Het is dan dat Jesaja klaar is om God te dienen (6:8)

Petrus en Jezus (Lukas 5:1-11)

De vissers hadden heel de nacht gewerkt zonder iets te vangen, ze waren hun netten aan het spoelen (5:2).
Jezus ging in Simons boot en vroeg hem om niet ver van de oever te gaan. Hij leerde de schare vanuit het schip (5:3)
Toen Hij gedaan had met spreken zei Hij tegen Simon “
Ga naar diep water en zet uw netten uit om te vissen” 5:4.
Simon zei “
Meester, de gehele nacht door hebben wij hard gewerkt en niets gevangen, maar op uw woord zal ik de netten uitzetten” 5:5.
Petrus’ ervaring en kennis zeiden dat het niet verstandig was om na een hele nacht vruchteloos te hebben gewerkt, nu nog eens te gaan proberen. Zijn geloof in Jezus’ Woord was niet groot, maar hij had een geest van gehoorzaamheid.
Stel voor, een timmerman (Markus 6:3) die tegen een visser zegt hoe hij zijn werk moet doen?
Wat zou er in Simons hoofd zijn omgegaan?

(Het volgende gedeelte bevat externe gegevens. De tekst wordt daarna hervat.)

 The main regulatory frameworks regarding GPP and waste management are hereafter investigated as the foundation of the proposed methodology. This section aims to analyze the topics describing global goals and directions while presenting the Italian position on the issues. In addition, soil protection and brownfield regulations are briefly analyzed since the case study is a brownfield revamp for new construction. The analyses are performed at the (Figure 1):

En toen zij gehoor hadden gegeven aan Jezus’ Woord haalden zij een grote menigte vissen binnen en hun netten dreigden te scheuren (5:6). Zij vulden beide schepen tot zinkens toe (5:7).

Toen Simon Petrus dit zag, viel hij neder aan de knieen van Jezus en zeide: Ga uit van mij, want ik ben een zondig mens, Here. Want verbazing had hem en allen, die bij hem waren, aangegrepen over de vangst der vissen, welke zij gevangen hadden; evenzo ook Jakobus en Johannes, de zonen van Zebedeus, die metgezellen van Simon waren. En Jezus zeide tot Simon: Wees niet bevreesd, van nu aan zult gij mensen vangen” 5:8-11.

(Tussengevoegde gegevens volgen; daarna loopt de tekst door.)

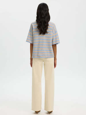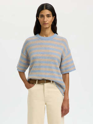 The Lulu Short Sleeve Sweater from Selected Femme is a wool-blend, knitted T-shirt with a boxy fit and short sleeves. - Knitted T-shirt - Round neck - Wide sleeves - Ribbed cuffs - Flat knit - Baby blue and beige stripe - 39% Wool, 24% Polyester, 20% Alpaca, 15% Nylon, 2% Elastane
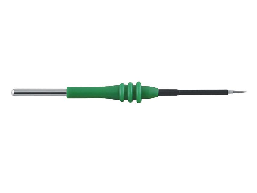 Elettrodo monouso in tungsteno ad ago. L'ago in tungsteno ha un punto di fusione estremamente alto (> 3400°C), che contribuisce a mantenerlo appuntito.
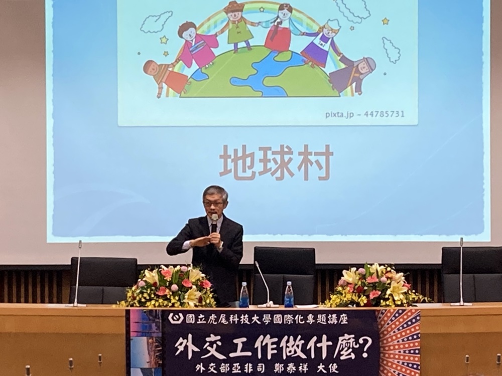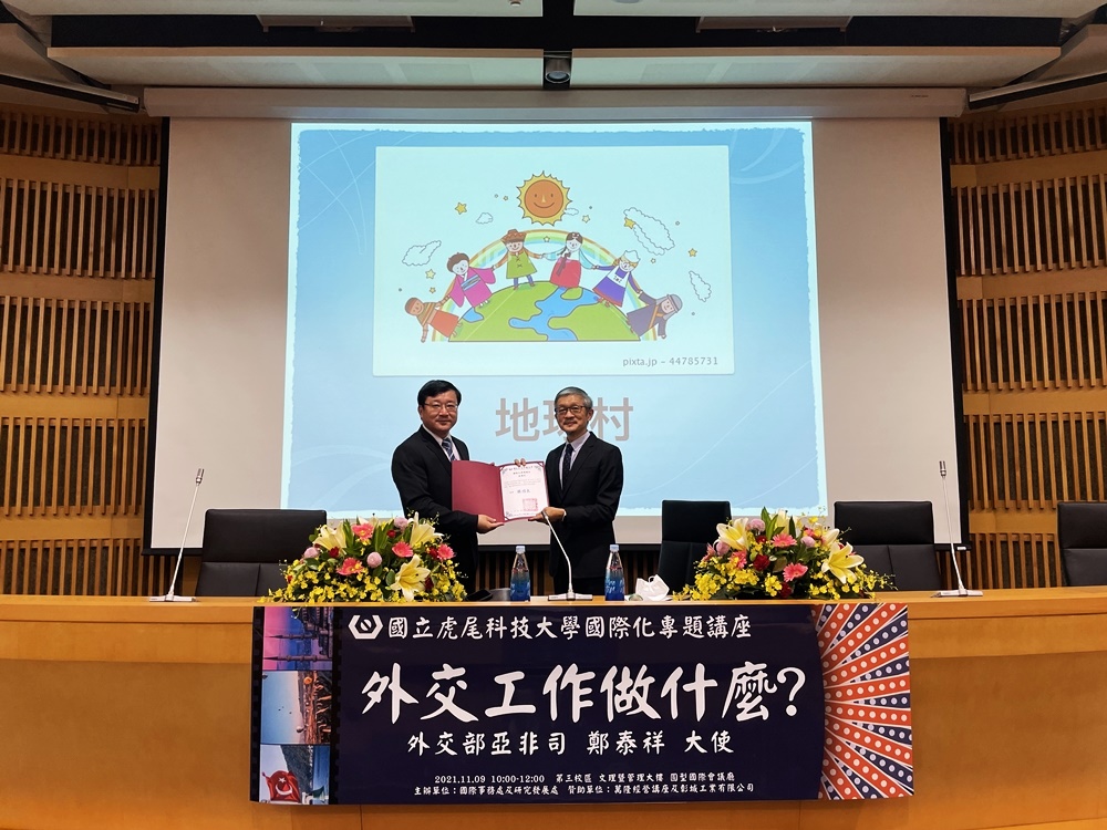本校於110年11月9日在國際會議廳舉辦「外交工作做什麼?」的國際化專題講座,並邀請外交部亞非司鄭泰祥大使蒞校擔任主講人;以台灣和土耳其的雙邊關係做為講座主軸,分享鄭大使豐富的外交經驗,增進該校學生對外交事務的了解、擴大國際視野及外交相關知能的認識,亦希冀能提升學生在疫情結束後前往土耳其姊妹校參與研習計畫之意願。演講結束後,張信良校長亦邀請鄭大使參與學校國際事務處舉辦的「清真飲食文化交流響宴」,由虎尾科大的印尼籍穆斯林國際生準備穆斯林餐點,和鄭大使交流不同國家之間的伊斯蘭特色文化。

Petrus’ werd beschaamd en bevreesd wanneer Hij geconfronteerd werd met de Heilige Israels. Het deed hem beseffen dat hij een zondig mens was en het niet waard was om in Jezus’ nabijheid te zijn. Dit besef deed hem Jezus aanbidden en maakte dat Hij Jezus volgde waarheen Hij hem zou leiden!


Conclusie

Pas wanneer een mens beseft hoe zondig hij is tegenover de Heilig God kan hij vergeven worden van zijn zonden en bruikbaar worden in Zijn dienst. Omdat God rechtvaardig is, moeten onze zonden worden bestraft, maar omdat God ook liefde is, heeft Hij voorzien in een zoenmiddel. Hij heeft Jezus gezonden om de straf van onze zonden te dragen. Romeinen 3:21-26.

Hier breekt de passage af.